You may have noticed by now that an odd function has no cosine terms in the Fourier series and an even function has no sine terms in the Fourier series. This observation is not a coincidence. Let us look at even and odd periodic function in more detail.

Recall that a function \(f(t)\) is odd if \(f(-t) = -f(t)\). A function \(f(t)\) is even if \(f(-t) = f(t)\). For example, \(\cos{(nt)}\) is even and \(\sin{(nt)}\) is odd. Similarly the function \(t^k\) is even if \(k\) is even and odd when \(k\) is odd.

##### Exercise \(\PageIndex{1}\)

Take two functions \(f(t)\) and \(g(t)\) and define their product \(h(t) =f(t)\,g(t)\).

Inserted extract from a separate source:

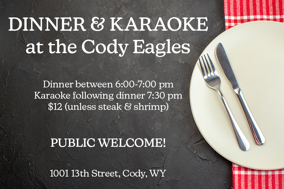 Home Dinner & Karaoke Organizer Fraternal Order of Eagles Cody 818 Phone 307-587-4573 Website https://www.facebook.com/Fraternal-Order-of-Eagles-Cody-818-227322813956013 Location Fraternal Order of Eagles Cody 818 1001 13th Street, Cody, Wyoming Website https://www.facebook.com/Fraternal-Order-of-Eagles-Cody-818-227322813956013 Category Club or GroupDiningNight Life, Live Music & Concerts Date Nov 21 2025 Time 6:00 pm Dinner & Karaoke Cody Calendar advertisers make this calendar possible. + Add to Google Calendar + iCal / Outlook export 00 days 00 hours 00 minutes 00 seconds

- Suppose both \(f(t)\) and \(g(t)\) are odd, is \(h(t)\) odd or even?
- Suppose one is even and one is odd, is \(h(t)\) odd or even?
- Suppose both are even, is \(h(t)\) odd or even?

If \(f(t)\) and \(g(t)\) are both odd, then \(f(t) + g(t)\) is odd. Similarly for even functions. On the other hand, if \(f(t)\) is odd and \(g(t)\) even, then we cannot say anything about the sum \(f(t) + g(t)\). In fact, the Fourier series of any function is a sum of an odd (the sine terms) and an even (the cosine terms) function.

In this section we consider odd and even periodic functions. We have previously defined the \(2L\)-periodic extension of a function defined on the interval \([-L,L]\). Sometimes we are only interested in the function on the range \([0,L]\) and it would be convenient to have an odd (resp. even) function. If the function is odd (resp. even), all the cosine (resp. sine) terms will disappear. What we will do is take the odd (resp. even) extension of the function to \([-L,L]\) and then extend periodically to a \(2L\)-periodic function.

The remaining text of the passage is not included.